§ Exercise goal
Your response to the data below should hold nothing except the lines from the one containing "Charms | Waterproof" down to the one containing "基坑臨邊護(hù)欄網(wǎ", reproduced exactly and without pictures.

§ Given records
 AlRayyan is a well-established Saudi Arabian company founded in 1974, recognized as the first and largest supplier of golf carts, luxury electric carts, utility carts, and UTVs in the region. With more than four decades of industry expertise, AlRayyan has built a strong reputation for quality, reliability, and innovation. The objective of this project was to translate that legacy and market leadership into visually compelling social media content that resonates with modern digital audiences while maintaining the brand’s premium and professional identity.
--
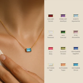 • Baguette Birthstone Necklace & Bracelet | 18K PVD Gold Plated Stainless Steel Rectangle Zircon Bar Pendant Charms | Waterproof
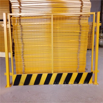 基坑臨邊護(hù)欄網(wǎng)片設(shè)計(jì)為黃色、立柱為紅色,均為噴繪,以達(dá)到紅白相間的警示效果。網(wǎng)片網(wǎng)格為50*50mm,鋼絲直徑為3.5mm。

§ Answer box
 • Baguette Birthstone Necklace & Bracelet | 18K PVD Gold Plated Stainless Steel Rectangle Zircon Bar Pendant Charms | Waterproof
 基坑臨邊護(hù)欄網(wǎng)片設(shè)計(jì)為黃色、立柱為紅色,均為噴繪,以達(dá)到紅白相間的警示效果。網(wǎng)片網(wǎng)格為50*50mm,鋼絲直徑為3.5mm。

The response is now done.